STU MASON
REC00:00:00:00
CAPTURECRUNCH · CUT

Record once.
Your agent cuts it.

roll captures the take. Crunch makes it searchable. EdAtor makes the cut — EDL, overlays, export. AI does the judgement, FFmpeg does the work.

rollcrunchedatorfinished video

it works on my agent's machine.

WHAT

One take in. A finished cut — and a week of shorts — out.

You hit record and talk. Three tools you own do the rest. roll captures screen, camera and mic on a single clock, plus every click, keystroke and on-screen element. Crunch reads all of it — OCR and transcription — and turns the take into something searchable. EdAtor makes the editorial calls a human editor would, writes them as an edit list, dresses the cut in the Signal overlay kit, and exports. No timeline. No scrubbing. No “I’ll fix it in post”.

WHY

The edit is a decision. So make the footage RAG-able.

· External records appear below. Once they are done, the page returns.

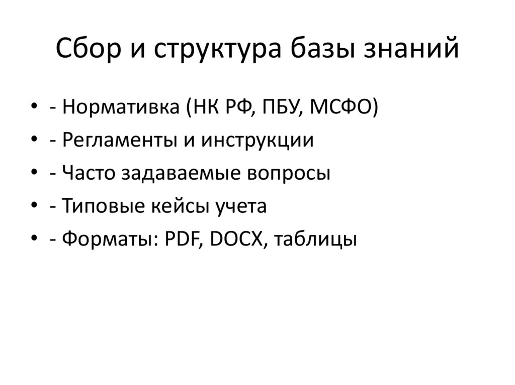 Сбор и структура базы знаний• - Нормативка (НК РФ, ПБУ, МСФО)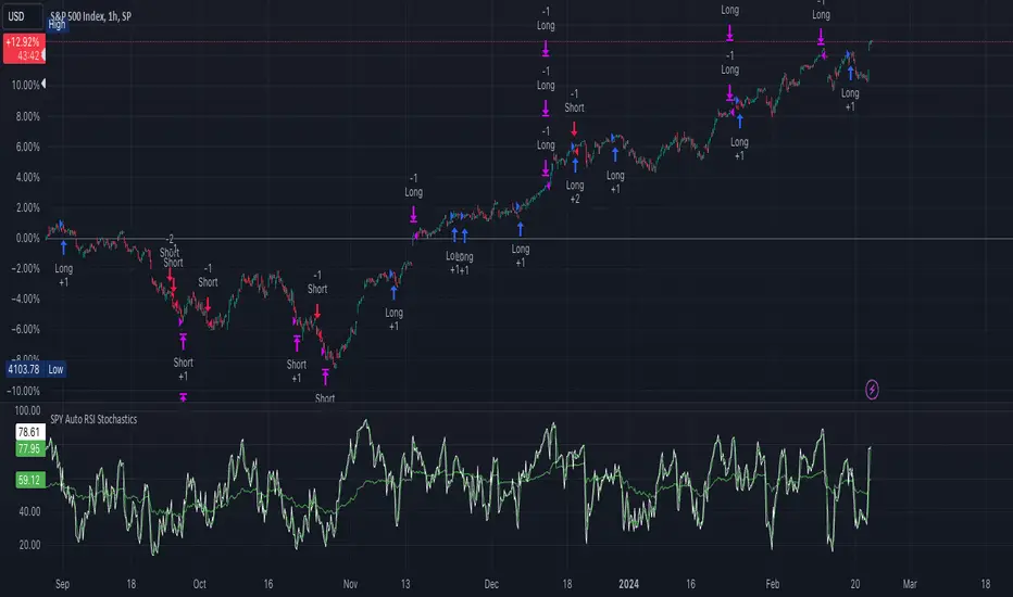 The "SPY Auto RSI Stochastics" strategy is designed to leverage a combination of Relative Strength Index (RSI) and Stochastic indicators to identify potential entry and exit points in trading the SPY $SP:SPX.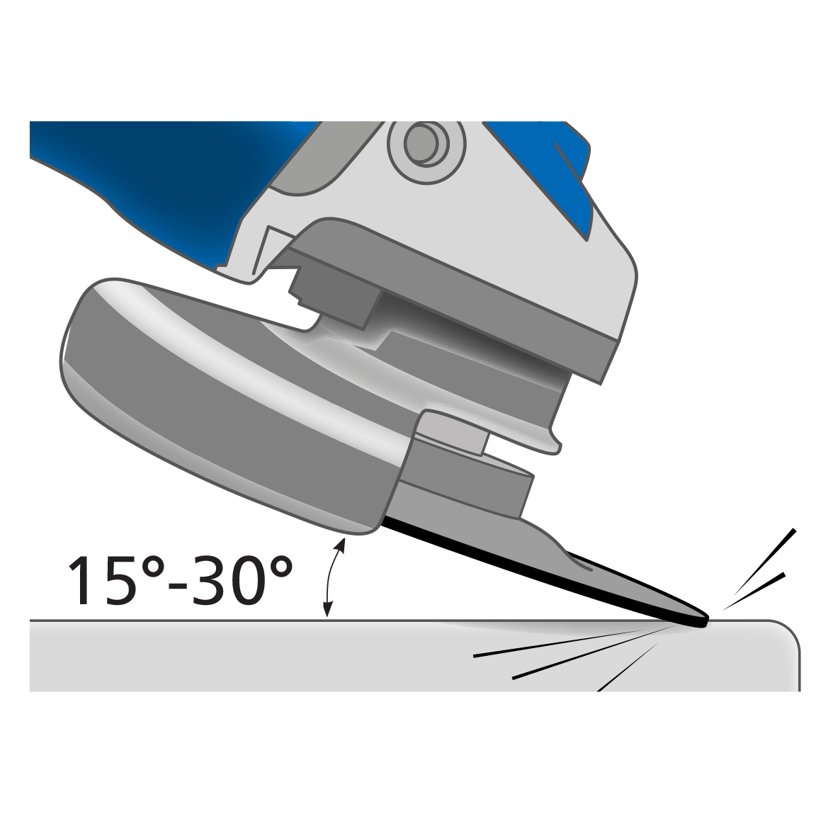 - Significantly more ergonomic than a grinding wheel: Noise, vibrations, and dust are significantly reduced. A considerably superior surface quality is also produced.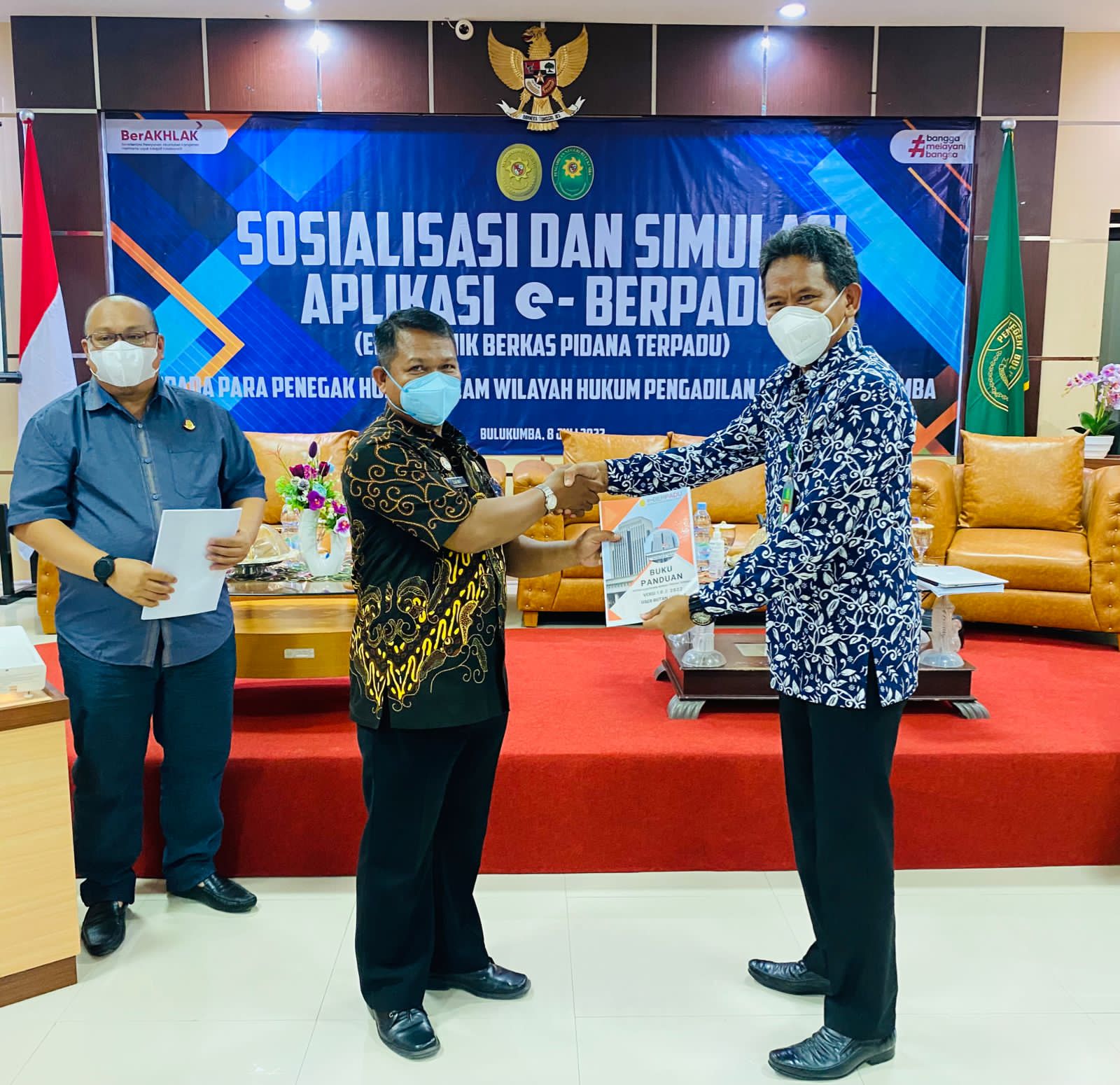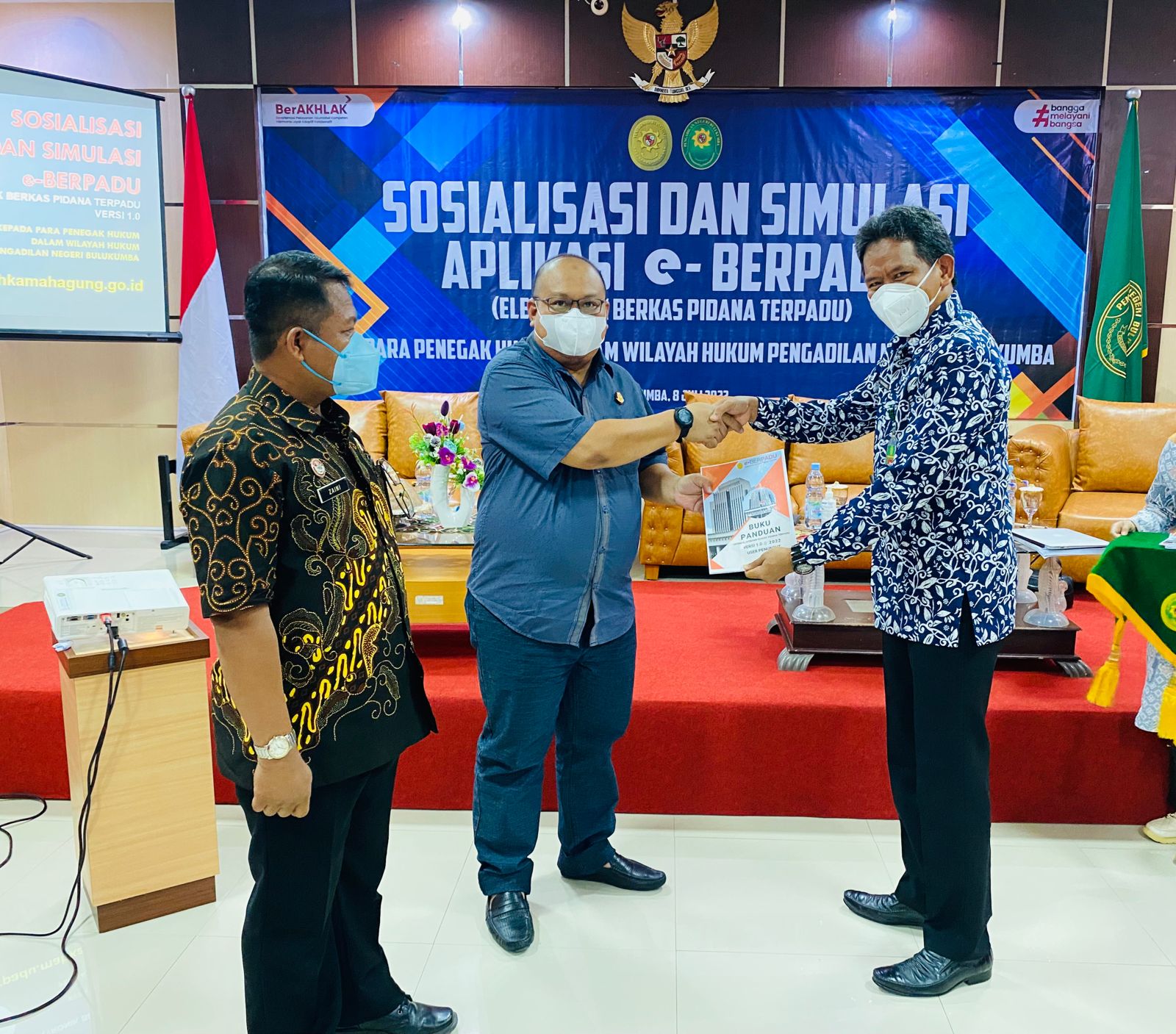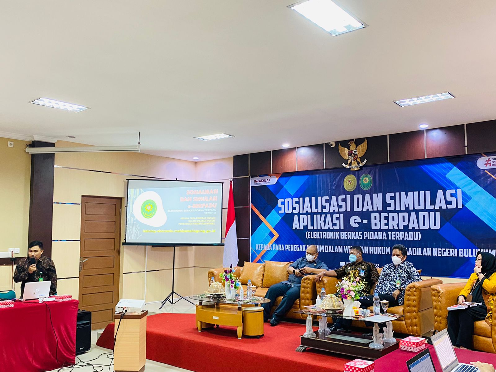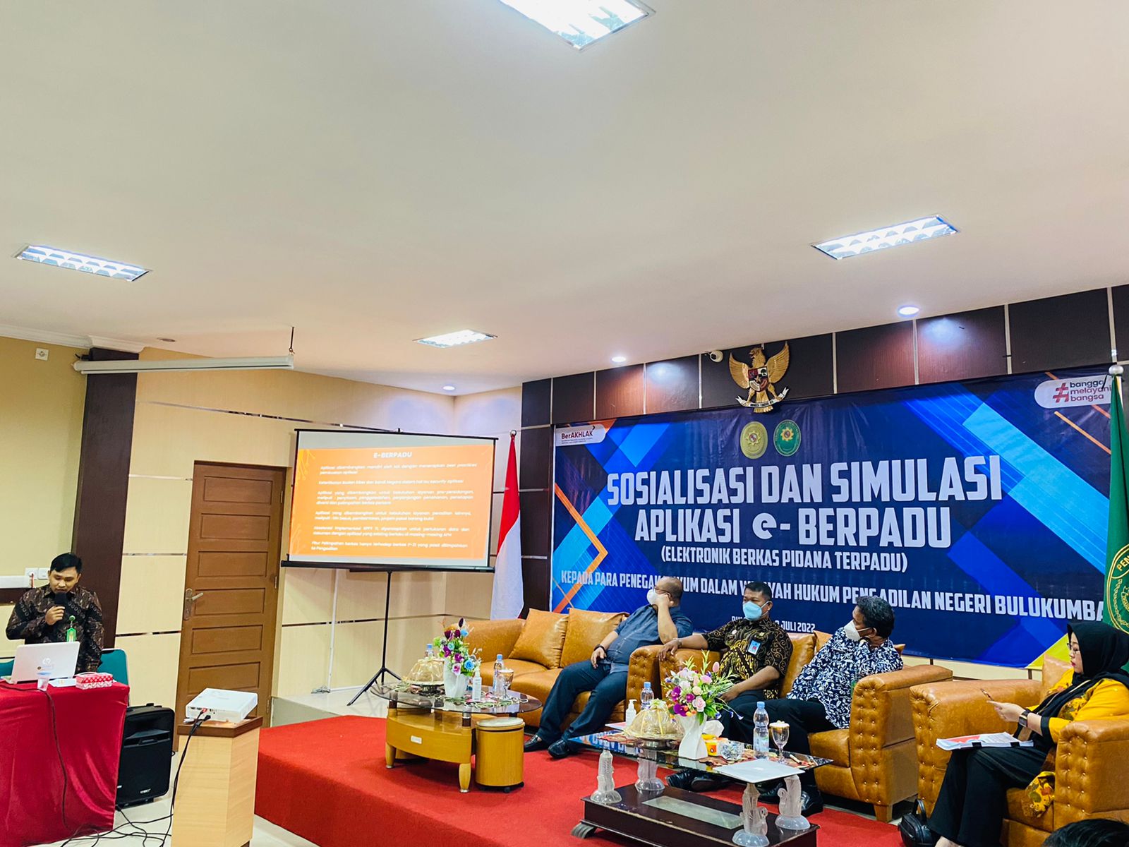 Bulukumba, Jumat 08 Juli 2022. Bertempat di ruang sidang utama Pengadilan Negeri Bulukumba, dilaksanakan Sosialisasi dan Simulasi Aplikasi Eletronik Berkas Perkara Terpadu (e-Berpadu) yang di buka langsung oleh Ketua Pengadilan Negeri Bulukumba, Bapak Dr. Muhammad Adil Kasim, S.H., M.H. yang di hadiri oleh Kepala Kajaksaan Negeri Bulukumba, Kepala Lembaga Pemasyarakatan Kelas IIA Bulukumba, Wakil Ketua Pengadilan Negeri Bulukumba, dan Perwakilan Kapolres Bulukumba. Peserta Kegiatan ini adalah Para Hakim, Penyidik Polres Bulukumba, Kasi dan Penuntut Umum Kejaksaan Negeri Bulukumba, Operator Lapas, Kapolsek Se - Kab.Bulukumba dan seluruh Aparatur Pegawai Negeri Sipil Pengadilan Negeri Bulukumba.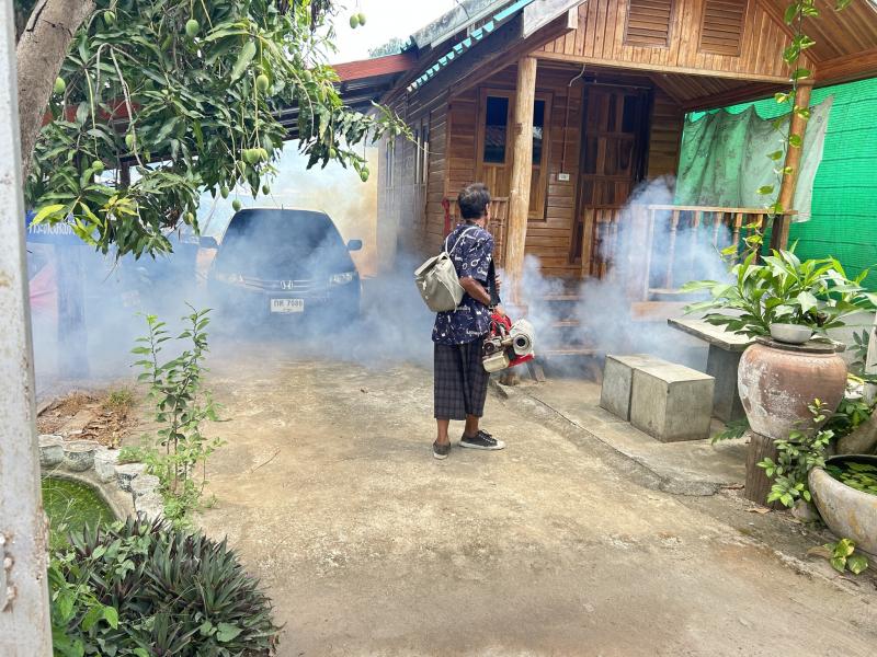 กองสาธารณสุขและสิ่งแวดล้อม องค์การบริหารส่วนตำบลวังบาล ดำเนินการพ่นหมอกควันกำจัดยุงลายในพื้นที่หมู่ที่ 4
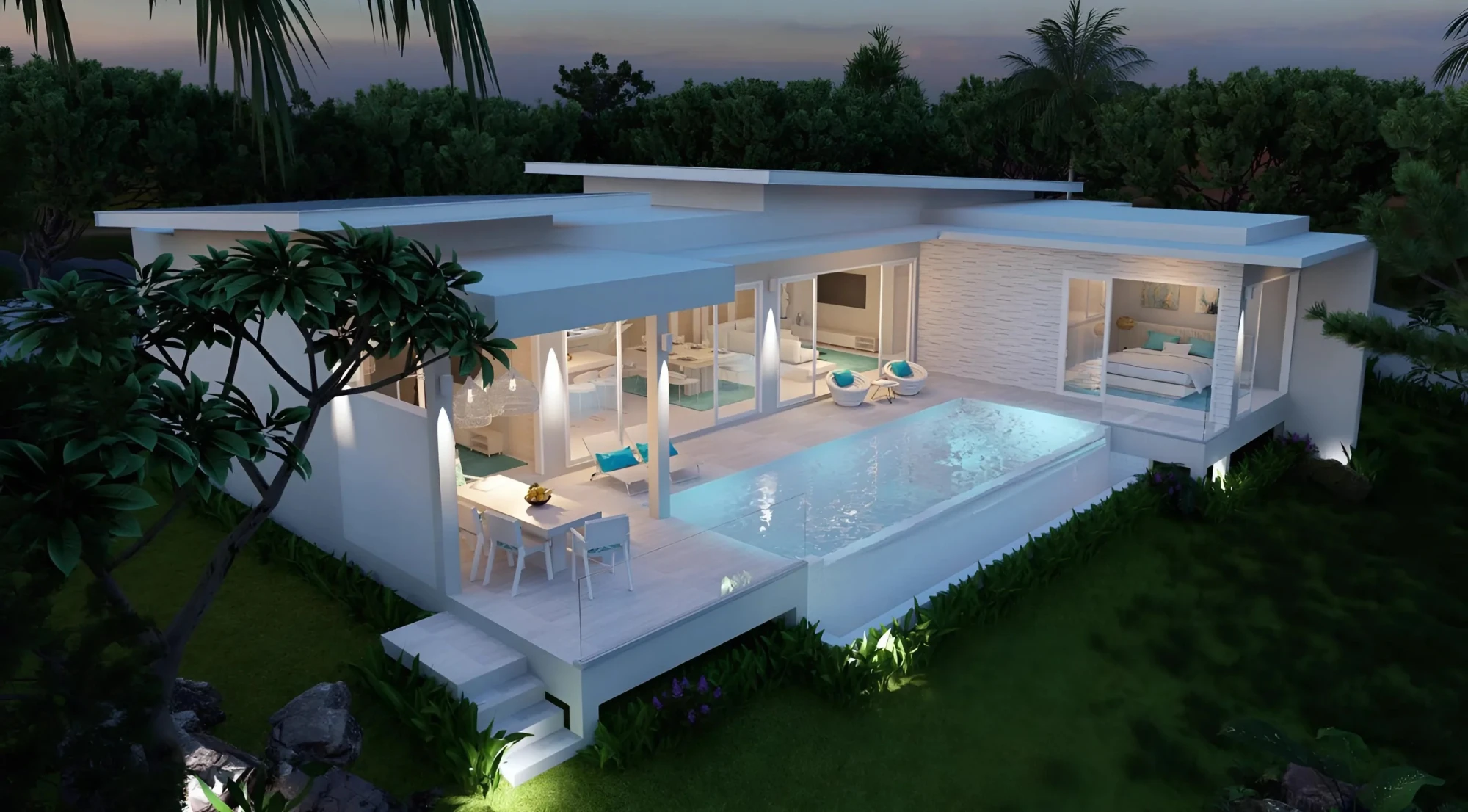 Invest in luxury "Samui Sway" villas with 3-4 bedrooms and a swimming pool, offering exquisite design and sea views on the northeast coast of Koh Samui. High potential for profit and investment.

click × on-screen text × transcript = labelled action events. Once the take is searchable, an LLM can make real editorial decisions from it — what to cut, where to zoom, when to bleep — instead of guessing from raw pixels. Crunch does the heavy read once, so every downstream cycle is cheap.

And it all runs on a box you own: near-zero marginal cost, nothing leaving your estate. The scary bit isn’t the AI — it’s the plumbing. The plumbing’s done.

HOW

Three tools. One clock. Your stack.

01 · ROLLCAPTURE

Capture the whole truth, on one clock.

A native macOS recorder. Screen, camera and mic — sub-frame synced on one shared clock, so there’s no drift to chase and nothing to re-align by hand. But roll captures more than pixels: every click, drag, keystroke and scroll, plus the Accessibility role and label of whatever you touched — a full input-and-semantic telemetry track running alongside the video.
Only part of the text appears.